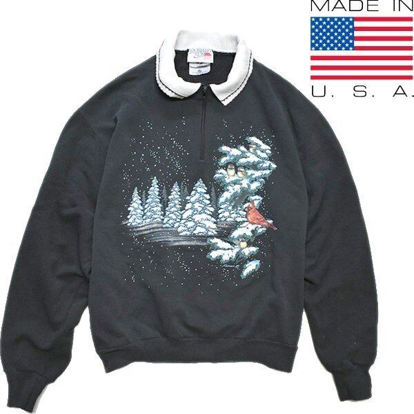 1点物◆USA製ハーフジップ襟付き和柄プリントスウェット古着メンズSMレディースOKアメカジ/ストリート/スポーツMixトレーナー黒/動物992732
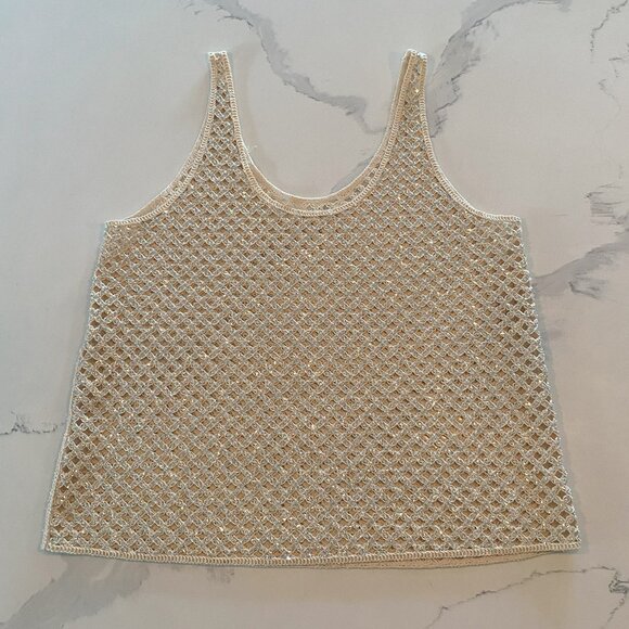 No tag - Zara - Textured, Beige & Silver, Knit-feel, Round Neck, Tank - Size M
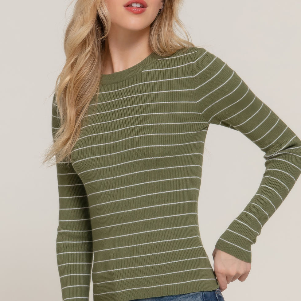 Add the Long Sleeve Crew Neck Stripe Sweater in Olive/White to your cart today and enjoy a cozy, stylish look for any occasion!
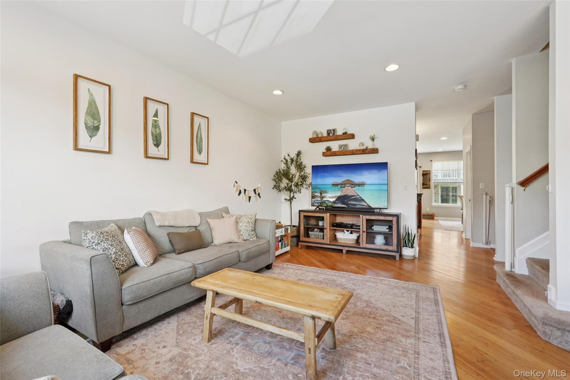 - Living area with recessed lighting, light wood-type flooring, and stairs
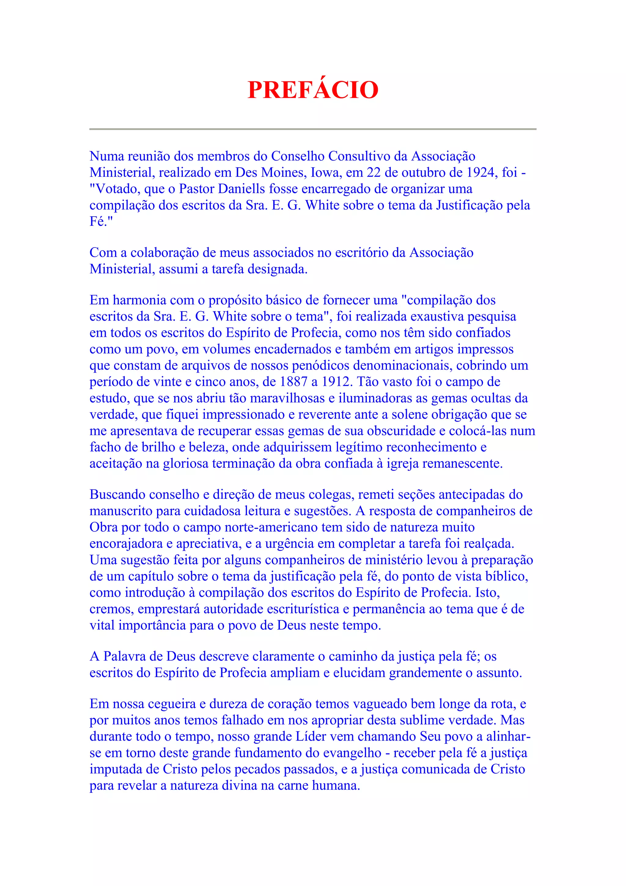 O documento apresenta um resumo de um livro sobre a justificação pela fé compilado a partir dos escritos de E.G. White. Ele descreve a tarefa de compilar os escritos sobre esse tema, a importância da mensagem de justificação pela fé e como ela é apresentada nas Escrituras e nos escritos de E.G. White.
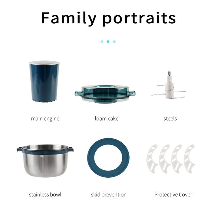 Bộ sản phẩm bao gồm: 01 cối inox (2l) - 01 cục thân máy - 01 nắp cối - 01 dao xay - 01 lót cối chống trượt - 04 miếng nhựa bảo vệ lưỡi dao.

________

Word for word, repeat the lines above from the one with "No tag - Zara" through the one with "- Living area", and nothing beyond them. Omit the pictures.

*Solution:*
 No tag - Zara - Textured, Beige & Silver, Knit-feel, Round Neck, Tank - Size M
 Add the Long Sleeve Crew Neck Stripe Sweater in Olive/White to your cart today and enjoy a cozy, stylish look for any occasion!
 - Living area with recessed lighting, light wood-type flooring, and stairs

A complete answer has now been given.